To find the exponential function that passes through the point P(2,1) and has a y-intercept of 4, we can substitute the values into the equation f(x) = ba^x and solve for the missing values.
Since the y-intercept occurs at x = 0, we have f(0) = 4, which gives us the equation:
4 = ba^0
Simplifying, we have:
4 = b
Now, let's substitute the point P(2,1) into the equation:
1 = 4a^2
Dividing both sides by 4, we get:
1/4 = a^2
Taking the square root of both sides, we have:
a = ±√(1/4)
Therefore, there are two possible exponential functions:
f(x) = 4(√(1/4))^x
and
f(x) = 4(-√(1/4))^x
Hope that helps, and I apologize if my humor didn't quite make you laugh!

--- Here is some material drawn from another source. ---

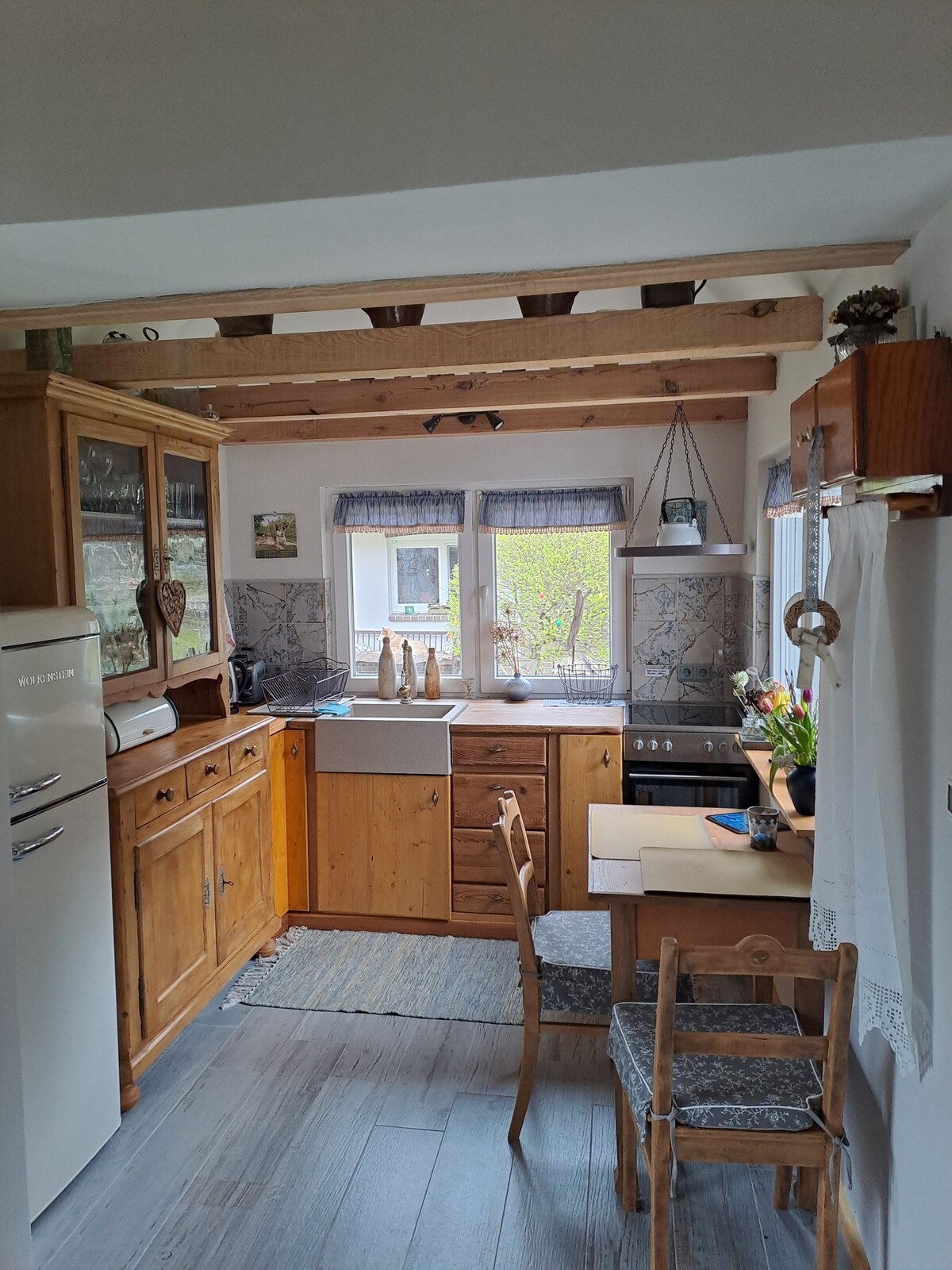 En tant que luthiers professionnels, nous avons le sens du détail. Dans notre appartement d'hôtes, des éléments baroques stylés de l'époque de la construction de la maison se combinent avec un équipement aussi moderne que possible. Cette combinaison garantit l'authenticité et le confort. Lors de la rénovation, nous avons essayé de préserver autant que possible la substance d'origine. Avertissement pour les personnes de grande taille : une poutre de plafond basse datant de 1775 traverse la pièce.

To find an exponential function that satisfies the given conditions, we need to solve for the values of b and a.
Step 1: Determine the y-intercept.
The y-intercept is given as 4, which means the function passes through the point (0, 4).

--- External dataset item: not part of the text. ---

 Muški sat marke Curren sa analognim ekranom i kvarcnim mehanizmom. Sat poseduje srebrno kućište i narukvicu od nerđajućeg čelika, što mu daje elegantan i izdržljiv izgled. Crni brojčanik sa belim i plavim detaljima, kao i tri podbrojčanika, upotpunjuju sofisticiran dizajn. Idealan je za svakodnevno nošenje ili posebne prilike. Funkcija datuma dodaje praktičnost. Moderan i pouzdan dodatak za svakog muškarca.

Step 2: Substitute the y-intercept into the equation.
Using the point (0, 4), we can substitute x = 0 and y = 4 into the equation f(x) = ba^x:
4 = ba^0
Since any number raised to the power of zero equals 1, we can simplify the equation to:
4 = b * 1
b = 4
So, we have found the value of b as 4.
Step 3: Determine the value of a using the point P(2, 1).

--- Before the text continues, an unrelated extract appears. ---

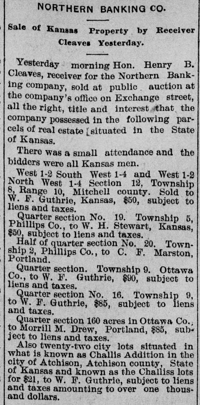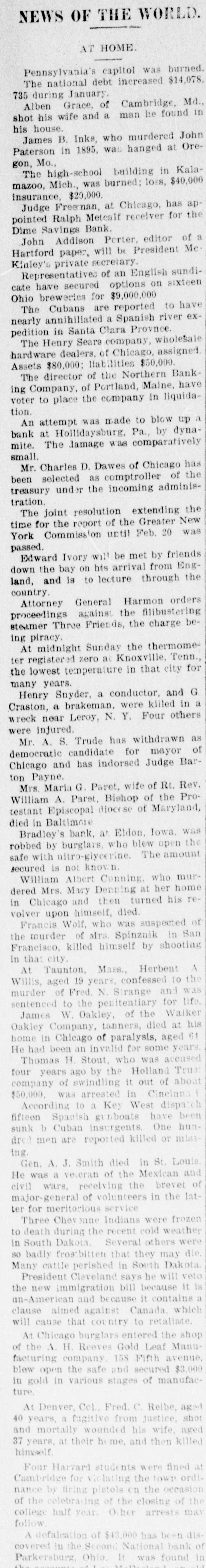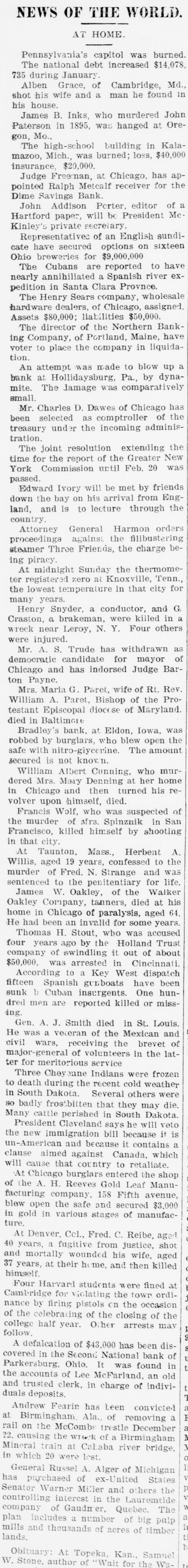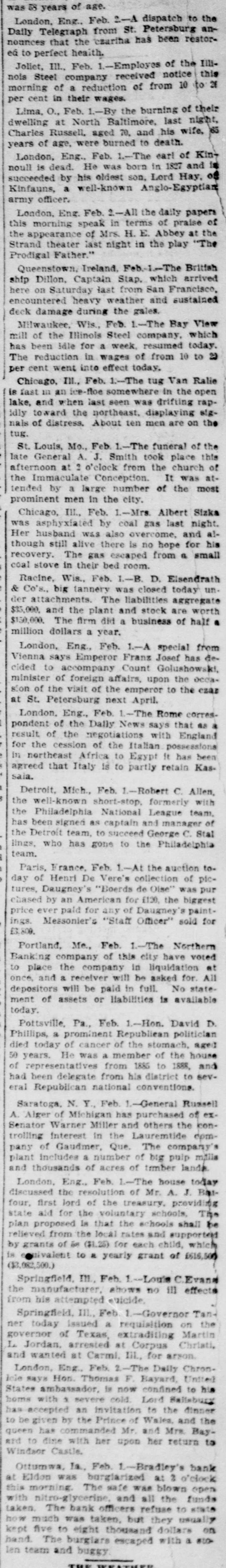 was is years of age. London, Eng., Feb. 2-A dispatch to the Daily Telegraph from St. Petersburg announces that the ceariha has been restorea to perfect health. Joliet, III., Feb. 1.-Employes of the Illinois Steel company received notice this morning of a reduction of from 10 to 26 per cent in their wages. Lima, O., Feb. 1.-By the burning of their dwelling at North Baltimore, last night, Charles Russell, aged 70. and his wife, 65 years of age, were burned to death. London, Eng., Feb. 1.-The earl of Kinnoull is dead. He was born in 1827 and is succeeded by his eldest son, Lord Hay, of Kinfauns, a well-known Anglo-Egyptian army officer. London, Eng. Feb. 2-All the daily papers this morning speak in terms of praise of the appearance of Mrs. H. E. Abbey at the Strand theater last night in the play "The Prodigal Father." Queenstown, Ireland, Feb-1.-The British ship Dillon, Captain Stap. which arrived here on Saturday last from San Francisco, encountered heavy weather and sustained deck damage during the gales. Milwaukee, Wis., Feb. 1.-The Bay View mill of the Illinois Steel company, which has been idle for a week, resumed today. The reduction in wages of from 10 to 2) per cent went into effect today. Chicago, III., Feb. 1.-The tug Van Ralie is fast in an ice-floe somewhere in the open lake, and when last seen was drifting rapidly toward the northeast, displaying signals of distress. About ten men are on the tug. St. Louis, Mo., Feb. 1.-The funeral of the late General A. J. Smith took place this afternoon at : o'clock from the church of the Immaculate Conception. It was attended by a large number of the most prominent men in the city. Chicago, III., Feb. 1.-Mrs. Albert Sizka was asphyxiated by coal gas last night. Her husband was also overcome, and although still alive there is no hope for his recovery. The gas escaped from a small coal stove in their bed room. Racine, Wis., Feb. 1.-B. D. Elsendrath & Co's., big tannery was closed today under attachments. The liabilities aggregate $35,000. and the plant and stock are worth $150,000. The firm did a business of half a million dollars a year. London, Eng., Feb. 1.-A special from Vienna says Emperor Franz Josef has decided to accompany Count Golushowski, minister of foreign affairs, upon the occasion of the visit of the emperor to the ezar at St. Petersburg next April. London. Eng., Feb. L-The Rome correspondent of the Daily News says that as a result of the negotiations with England for the cession of the Italian possessions in northeast Africa to Egypt It has been agreed that Italy is to partly retain Kassala. Detroit, Mich., Feb. 1.-Robert C. Allen, the well-known short-stop, formerly with the Philadelphia National League team. has been signed as captain and manager of the Detroit team, to succeed George C. Stal lings, who has gone to the Philadelphia team. Paris, France, Feb. 1.-At the auction today of Henri De Vere's collection of pictures. Daugney's "Boerds de Olse" was pur chased by an American for £120, the biggest price ever paid for any of Daugney's paintings. Messonier's "Staff Officer" sold for £3,800. Portland, Me., Feb. 1.-The Northern Banking company of this city have voted to place the company In liquidation at once. and a receiver will be asked for. All depositors will be paid in full. No statement of assets or liabilities is available today. Pottsville, Pa., Feb. 1.-Hon. David D. Phillips, a prominent Republican politician died today of cancer of the stomach, aged 50 years. He was a member of the house of representatives from 1885 to 1888, and had been delegate from his district to several Republican national conventions. Saratoga, N. Y., Feb. 1.-General Russell A. Alger of Michigan has purchased of exSenator Warner Miller and others the controlling interest in the Lauremtide company of Gaudmer, Que. The company's plant includes a number of big pulp mills and thousands of acres of tember lands. London, Eng., Feb. L-The house today discussed the resolution of Mr. A. J. Baifour, first lord of the treasury, providing state aid for the voluntary schools, The plan proposed Is that the schools shall be relieved from the local rates and supported by grants of in ($1.25) for each child, which is equivalent to & yearly grant of £616,500 ($3,082,500.) Springfield, m., Feb. 1.-Louis C.Evana the manufacturer, shows no ill effects from his attempted suicide, Springfield, III, Feb. 1.-Governor Tanner today issued a requisition on the governor of Texas, extraditing Martin L Jordan, arrested at Corpus Christi, and wanted at Carmi. Iil, for arson. London, Eng., Feb. 2-The Daily ChronIcle says Hon. Thomas F Bayard, United States ambassador, is now confined to his homs with 1 severe cold Lord Ballsbury has accepted an invitation to the dinner to be given by the Prince of Wales, and the queen has commanded Mr. and Mrs. Bayand to dine with her upon her return to Windsor Castle. Ottumwa, la., Feb. 1.-Bradley's bank at Eldon was burgiarized at 3 o'clock this morning. The wafe was blown open with nitro-glycerine, and all the funds taken. The bank officers refuse to state how much was taken, but they usually kept five to eight thousand dollars on hand. The burgiars escaped with a #10len team and buggy THE

Using P(2, 1), we can substitute x = 2 and y = 1 into the equation f(x) = ba^x:
1 = 4a^2
Divide both sides of the equation by 4:
1/4 = a^2
Take the square root of both sides:
±√(1/4) = a
±(1/2) = a
So, we have found the potential values of a as ±(1/2).
Therefore, one possible exponential function that satisfies the given conditions is:
f(x) = 4(1/2)^x
To find an exponential function of the form f(x) = ba^x that has the given y-intercept and passes through the point P, we can use the y-intercept and the point P to form equations and solve for the values of b and a.
First, let's consider the y-intercept. The y-intercept is the point on the graph of the exponential function where x = 0. From the given information, we know that the y-intercept is (0, 4). This means that when x is 0, the value of f(x) is 4. We can substitute these values into the exponential function equation:
f(x) = ba^x
When x = 0, f(x) = 4:
4 = ba^0
4 = b(1)
4 = b
So, we have found that the value of b is 4.
Now, let's consider the point P(2, 1) which lies on the graph of the exponential function. We can substitute the x and f(x) values into the equation and solve for a:
f(x) = ba^x
When x = 2, f(x) = 1:
1 = 4a^2
Next, we can solve this equation for a. Divide both sides of the equation by 4:
1/4 = a^2
To eliminate the square on the right side of the equation, we take the square root of both sides:
√(1/4) = a
√(1/4) = 1/2
So, we have found that the value of a is 1/2.
Now that we have determined the values of b and a, we can substitute them back into the equation to get the exponential function:
f(x) = ba^x
f(x) = 4(1/2)^x
Therefore, the exponential function of the form f(x) = ba^x that has the y-intercept (0, 4) and passes through the point P(2, 1) is f(x) = 4(1/2)^x.